(1/h) Witam Dzisiaj będzie krótko, bo to była mała wycieczka do nijakiego lasu tylko po to żeby pies sobie pobiegał i trafił się piękny żółciak siarkowy:-) Pozdr
(0/h) No witam wszystkich w sezonie grzybowym 2014! Przyznam się szczerze, że nie planowałam rozpoczynać szaleństwa grzybowego tak wcześnie, ale jak przeczytałam wpis Pawła z dolnośląskiego to oczy mi się od razu zaświeciły a gęsia skórka jeszcze długo trzymała! Więc to już najwyższa pora zrobić mały rekonesans tu i ówdzie. Podsycana informacjami ze świętokrzyskiego o pięknych kozakach czerwonych, wybrałam się do lasu w nadziei, że znajdę chociaż jednego! Ostatnio pogoda się popsuła (zimni ogrodnicy przypomnieli o sobie) ale na szczęście w niedzielę popołudniu przejaśniło się, a nawet wyszło słońce więc wycieczka była przyjemna. Niestety zbiory żadne- albo nic nie było, albo wszystko się tak dokładnie pochowało przede mną, że nic nie mogłam wypatrzyć! A jakby tego było mało to przyszedł do mnie do sklepu Pan i chciał kupić "coś do wieszania grzybków, bo już się zaczęły"! Możecie sobie spróbować wyobrazić jak mocno krew się we mnie gotowała :) W każdym razie trzeba mieć oczy szeroko otwarte i dobrze się rozglądać, bo nigdy nie wiadomo co przyniesie kolejny dzień. Pozdrawiam wszystkich serdecznie i trzymam kciuki za obfite zbiory. Ps przesyłam fotkę, żeby pokazać, że w lesie bez grzybów też jest pięknie ale i tajemniczo :)

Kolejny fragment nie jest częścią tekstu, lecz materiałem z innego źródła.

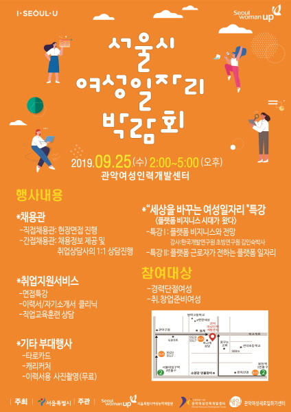서울시에서 지원하고 서울시여성능력개발원과 관악여성인력개발센터가 주관하는 여성일자리 박람회 ‘세상을 바꾸는 여성일자리’가 9월 25일(수) 관악여성인력개발센터에서 개최된다.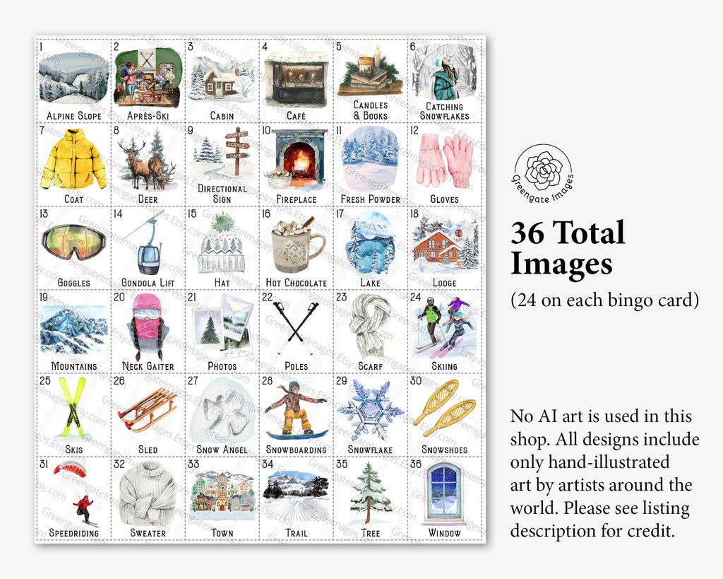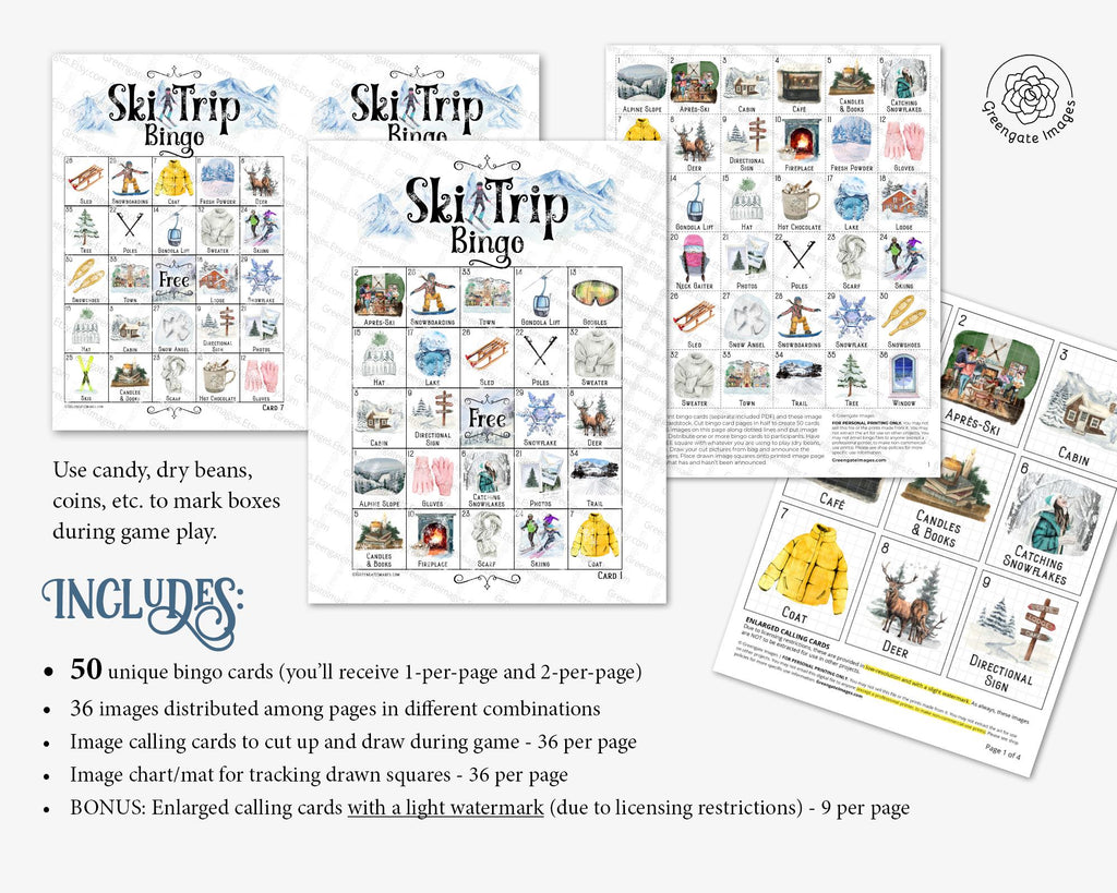 ā· Ski Trip Bingo. 50 Printable Cards.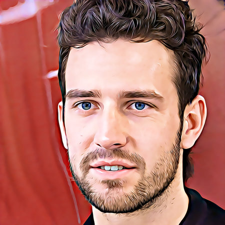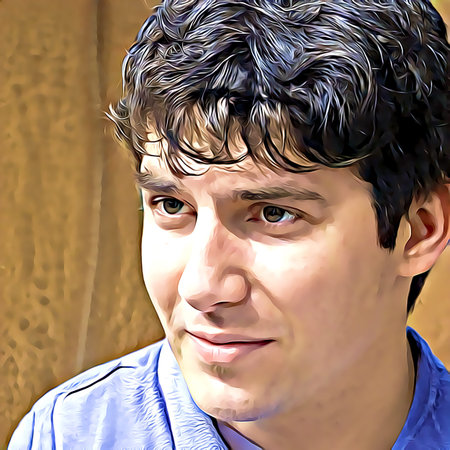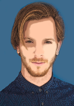 Geometric portrait of a young caucasian male with vibrant colors and abstract angles.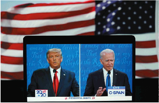 这是2020年大选前特朗普(左)与拜登参加最后一场总统候选人电视辩论的视频画面。(资料图) 新华社发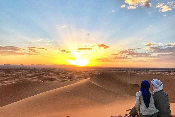 A highlight of the tour is the Sahara Desert experience in Merzouga. Here, you’ll embark on a camel trek across the golden dunes of Erg Chebbi, witnessing both sunrise and sunset in a magical desert setting. Spend the night under the stars in a traditional or luxury desert camp, with opportunities to interact with Berber nomad families and learn about their way of life. The journey continues through Ouarzazate, where you’ll explore film studios and the historic Taourirt Kasbah, before concluding at the UNESCO World Heritage Site of Ait Benhaddou. Ending in Marrakech, this 4-day tour offers a rich blend of nature, adventure, and cultural immersion, creating memories to last a lifetime.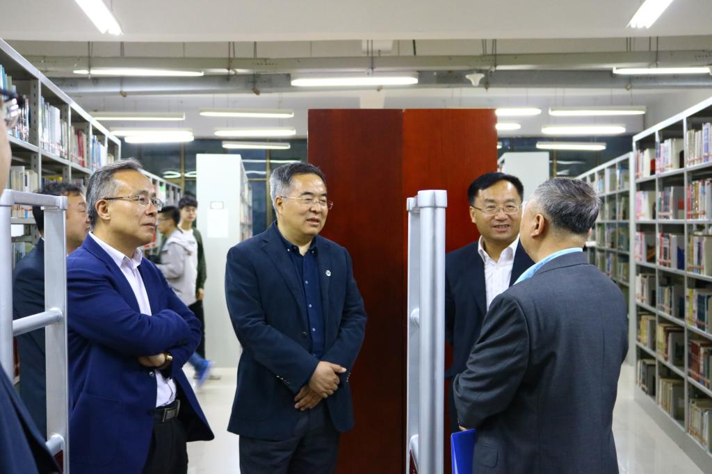 专家实地走访图书馆大厅听取了学生学习践行十九大精神、大学生志愿者服务地方、学生社会实践团队成果的情况介绍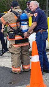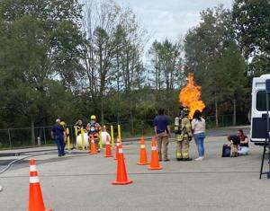 The most popular stop for kids was a “smoke” filled room, where firefighters demonstrated rescues. Outside, crews showed how they put out dumpster, car, tank and even tree fires.
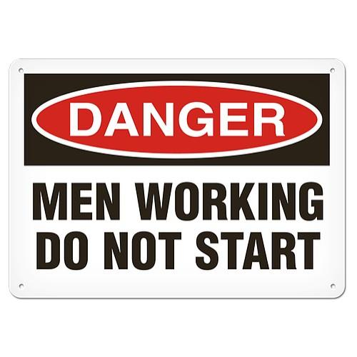Incom, SS1092AL, Sign "DANGER - Men Working Do Not Start", 10" x 14", Aluminum with UV Lamination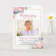 This elegant memorial program features pretty watercolor flowers framing the photo of your loved one. The inside features two additional photos alongside the obituary, the order of service, arrangements text, acknowledgements, and funeral reception information if desired. This program can be personalised further by clicking the "edit design" link at the bottom of the personalisation box if desired.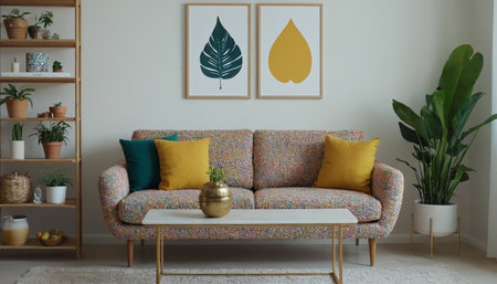 A cozy living room featuring a vibrant pink sofa, artistic wall decor, and lush plants, creating a welcoming atmosphere perfect for relaxation and inspiration.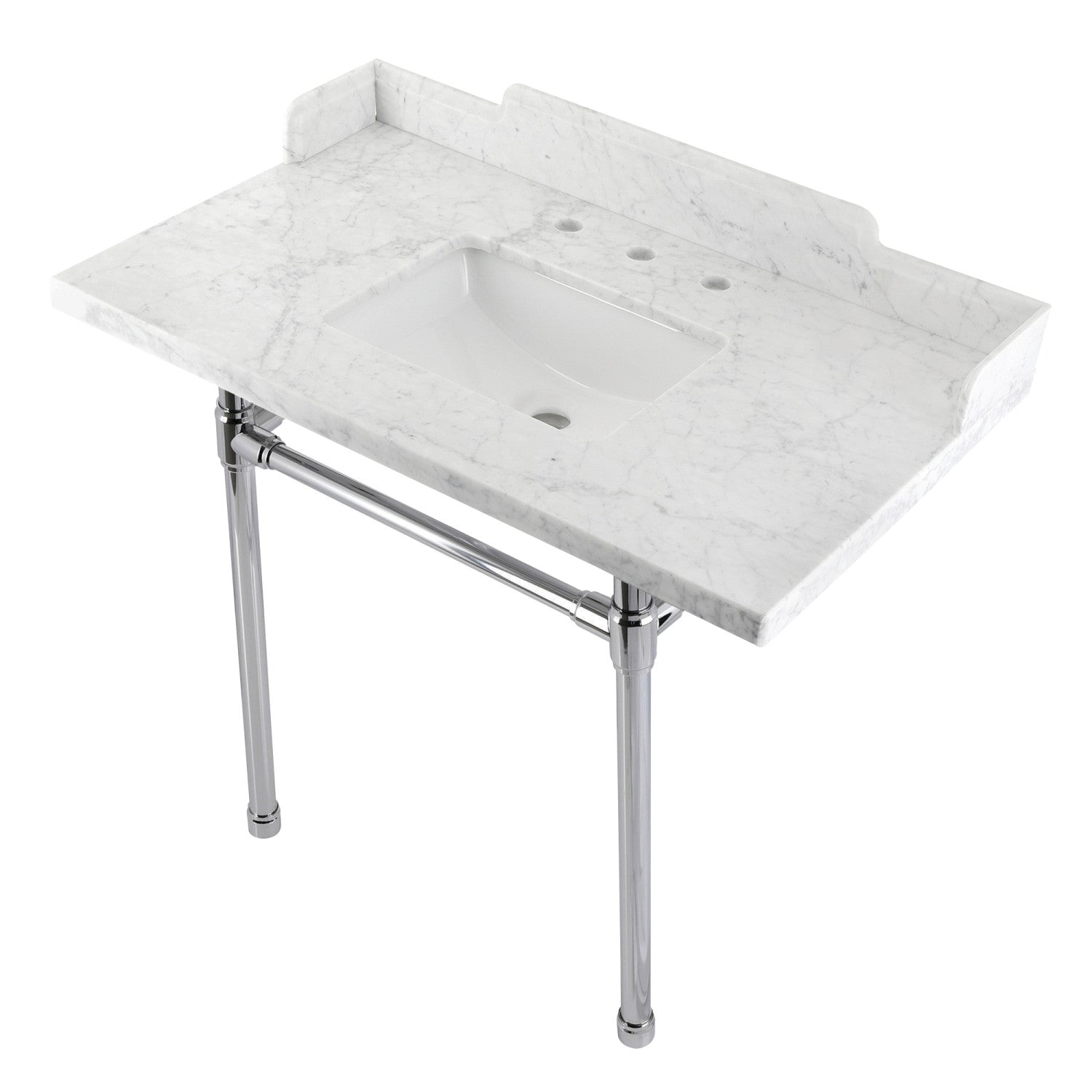 Fauceture LMS36M8SQ1ST 36-Inch Carrara Marble Console Sink with Stainless Steel Legs, Marble White/Polished Chrome

(2/h) Wiem, że może się to wydać nieprawdopodobne, ale znalazłem 2... podgrzybki brunatne, niezbyt duże. Innych grzybów brak, nie licząc jakichś pasożytniczych na drzewie, chyba boczniaków. Dla mnie nie jest to zbyt zaskakujące wobec faktu, że rok temu, dokładnie 7 czerwca, w tym samym miejscu znajdywałem spore ilości również podgrzybków brunatnych, dużych rozmiarów, raz nawet napełniłem nimi małą reklamówkę - też przy braku innych grzybów. A tej wiosny przecież wszystko rośnie szybciej. Jakieś dziwne to miejsce - obecnie jest tam młody las liściasty, z niewielką domieszką iglastych, ale kiedyś był tam las świerkowy. Ale nic nie tłumaczy wegetacji podgrzybka brunatnego o tej porze! P. S. Przepraszam za niską jakość zdjęcia, gdyż nie miałem aparatu fotograficznego i musiałem posłużyć się telefonem.